Interface IDocumentQA<T>

Namespace: AiDotNet.Document.Interfaces

Assembly: AiDotNet.dll

Interface for document question answering models.

public interface IDocumentQA<T> : IDocumentModel<T>, IFullModel<T, Tensor<T>, Tensor<T>>, IModel<Tensor<T>, Tensor<T>, ModelMetadata<T>>, IModelSerializer, ICheckpointableModel, IParameterizable<T, Tensor<T>, Tensor<T>>, IFeatureAware, IFeatureImportance<T>, ICloneable<IFullModel<T, Tensor<T>, Tensor<T>>>, IGradientComputable<T, Tensor<T>, Tensor<T>>, IJitCompilable<T>

Type Parameters

T: The numeric type used for calculations.

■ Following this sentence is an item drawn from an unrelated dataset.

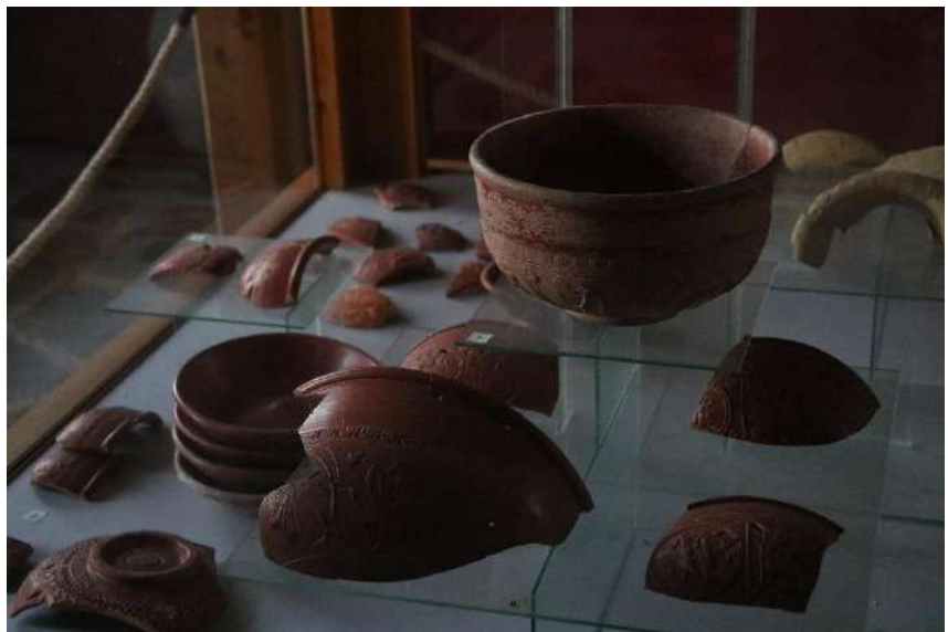
18. kép Megmunkált kerámia edények.

Inherited Members: IDocumentModel<T>.ExpectedImageSize

IDocumentModel<T>.MaxSequenceLength

IDocumentModel<T>.RequiresOCR

IDocumentModel<T>.SupportedDocumentTypes

IDocumentModel<T>.IsOnnxMode

IDocumentModel<T>.EncodeDocument(Tensor<T>)

IDocumentModel<T>.ValidateInputShape(Tensor<T>)

IDocumentModel<T>.GetModelSummary()

IFullModel<T, Tensor<T>, Tensor<T>>.DefaultLossFunction

IModel<Tensor<T>, Tensor<T>, ModelMetadata<T>>.Train(Tensor<T>, Tensor<T>)

IModel<Tensor<T>, Tensor<T>, ModelMetadata<T>>.Predict(Tensor<T>)

IModel<Tensor<T>, Tensor<T>, ModelMetadata<T>>.GetModelMetadata()

IModelSerializer.Serialize()

IModelSerializer.Deserialize(byte[])

IModelSerializer.SaveModel(string)

IModelSerializer.LoadModel(string)

ICheckpointableModel.SaveState(Stream)

ICheckpointableModel.LoadState(Stream)

IParameterizable<T, Tensor<T>, Tensor<T>>.GetParameters()

IParameterizable<T, Tensor<T>, Tensor<T>>.SetParameters(Vector<T>)

IParameterizable<T, Tensor<T>, Tensor<T>>.ParameterCount

IParameterizable<T, Tensor<T>, Tensor<T>>.WithParameters(Vector<T>)

IFeatureAware.GetActiveFeatureIndices()

IFeatureAware.SetActiveFeatureIndices(IEnumerable<int>)

IFeatureAware.IsFeatureUsed(int)

IFeatureImportance<T>.GetFeatureImportance()

ICloneable<IFullModel<T, Tensor<T>, Tensor<T>>>.DeepCopy()

ICloneable<IFullModel<T, Tensor<T>, Tensor<T>>>.Clone()

IGradientComputable<T, Tensor<T>, Tensor<T>>.ComputeGradients(Tensor<T>, Tensor<T>, ILossFunction<T>)

IGradientComputable<T, Tensor<T>, Tensor<T>>.ApplyGradients(Vector<T>, T)

IJitCompilable<T>.ExportComputationGraph(List<ComputationNode<T>>)

IJitCompilable<T>.SupportsJitCompilation

Extension Methods: DistributedExtensions.AsDistributedForHighBandwidth<T, TInput, TOutput>(IFullModel<T, TInput, TOutput>, ICommunicationBackend<T>)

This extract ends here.